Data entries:
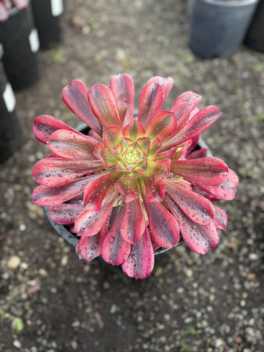 The Aeonium ‘Medusa’ features dramatic rosettes of dark, glossy foliage that add a touch of sophistication to any garden or retail display. With its striking architectural form and deep green color, this succulent is perfect for creating eye-catching arrangements. Water: 2, Light: 3, General Care: 1
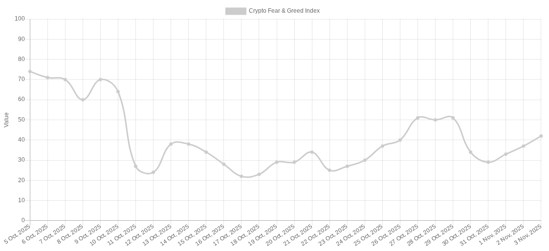 与此同时, 加密货币恐惧与贪婪指数仍处于“恐惧”区域,尚未反映出比特币最近跌至 107,000 美元的情况。
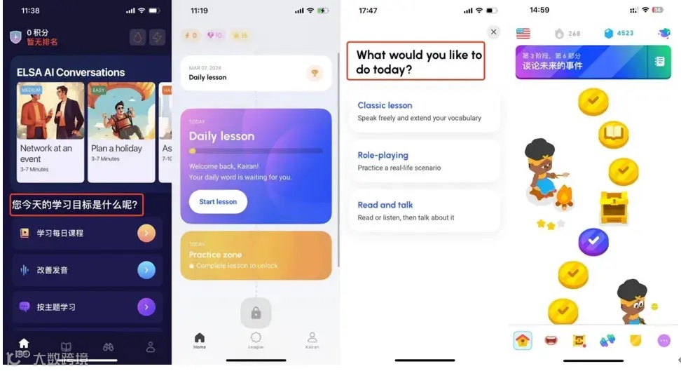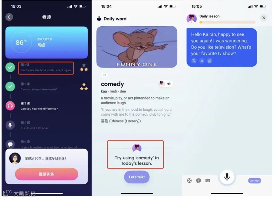 而在进入课程后,AI 语言学习产品们也和 Duolingo 有所差异。
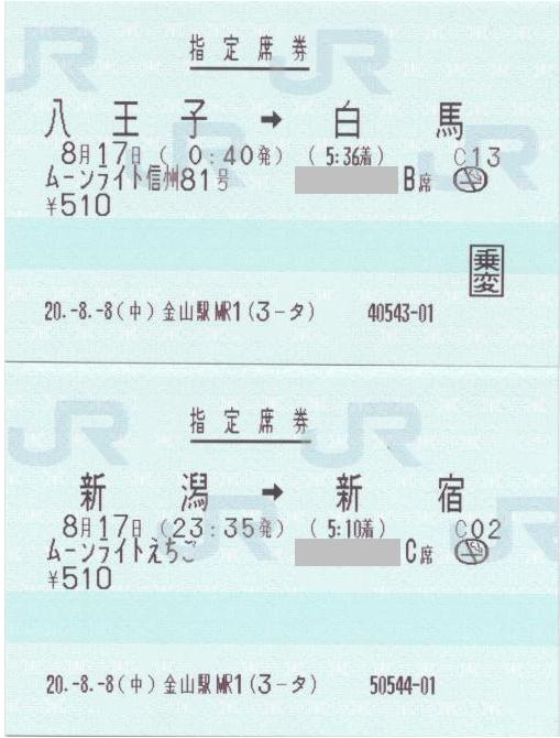 8月17日 0:40 八王子より ムーンライト信州81号乗車
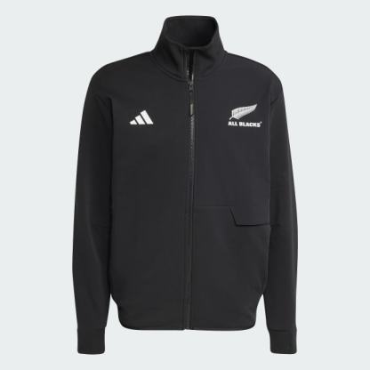 Stand shoulder-to-shoulder with the mighty All Blacks. This adidas rugby jacket is the one New Zealand's stars zip up before they enter the field of play. Smooth, stretchy doubleknit fabric keeps every move comfortable so you stay focused. An iconic silver fern logo on the chest shows you're part of the team.
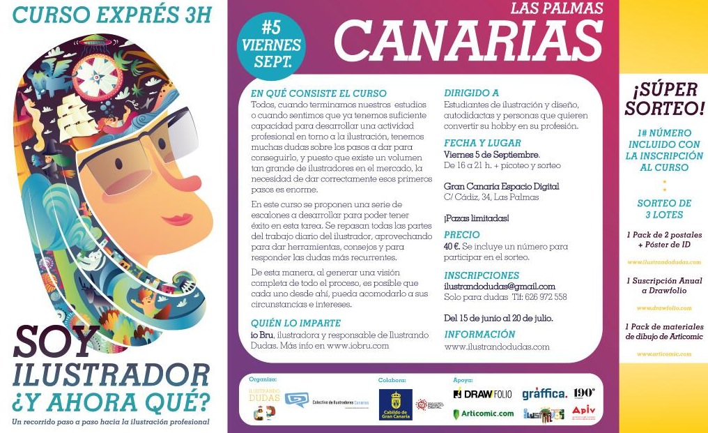 Está dirigido a estudiantes de ilustración y diseño, autodidactas y personas que quieren convertir su hobby em su profesión. Se desarrollará en las instalaciones de Gran Canaria Espacio Digital el viernes 5 de Septiembre de 16 a 21 horas. El coste del curso es de 40€ .
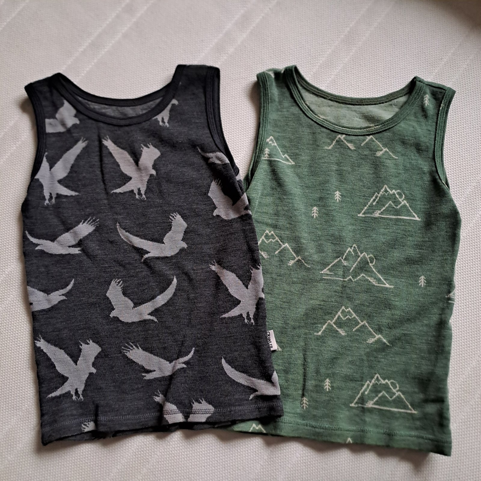 Kvalitné slovenské mäkkučké merino tielko. Tmavošedé má vzadu malú dierku,viď foto. Boli šité na mieru, veľkosť som odhadla, nosili sa u nás od veľkosti 110-116 až do 122.
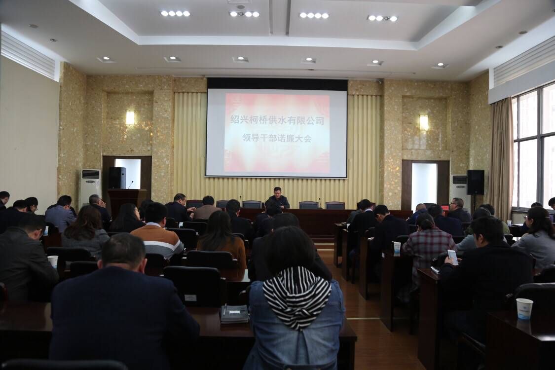 會上,公司領導班子成員及供水分公司經理分別上臺諾廉;公司黨總支書記吳紹文代表黨總支分別與各支部簽訂清廉國企責任書;會上還開展了第四批源頭干部推選,并組織全體與會人員觀看了廉政教育影片。
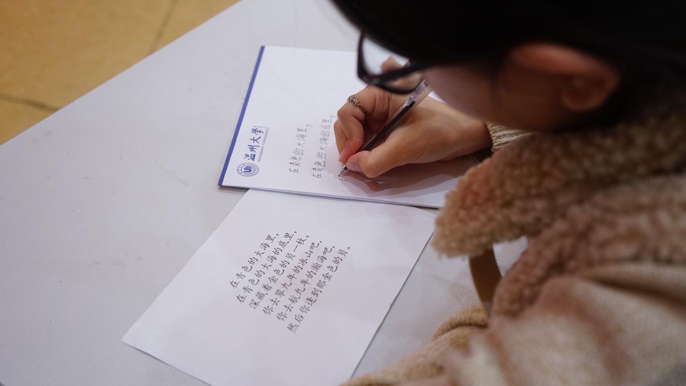 歌声仿佛还在耳畔回响,书法比赛的作品展示已经开始。工整、均匀、清晰的留学生汉字书写,让评委老师也忍不住感慨:“他们的字,有的比我写的还好看。”

--- TASK BRIEF ---
The response is to contain exactly the lines from the beginning of the data through the line containing "而在进入课程后,AI 语言学习产品们也和 Duolingo 有所差异。", both ends included, and nothing else; omit the pictures.

--- SOLUTION FOR THIS TASK ---
 The Aeonium ‘Medusa’ features dramatic rosettes of dark, glossy foliage that add a touch of sophistication to any garden or retail display. With its striking architectural form and deep green color, this succulent is perfect for creating eye-catching arrangements. Water: 2, Light: 3, General Care: 1
 与此同时, 加密货币恐惧与贪婪指数仍处于“恐惧”区域,尚未反映出比特币最近跌至 107,000 美元的情况。
 而在进入课程后,AI 语言学习产品们也和 Duolingo 有所差异。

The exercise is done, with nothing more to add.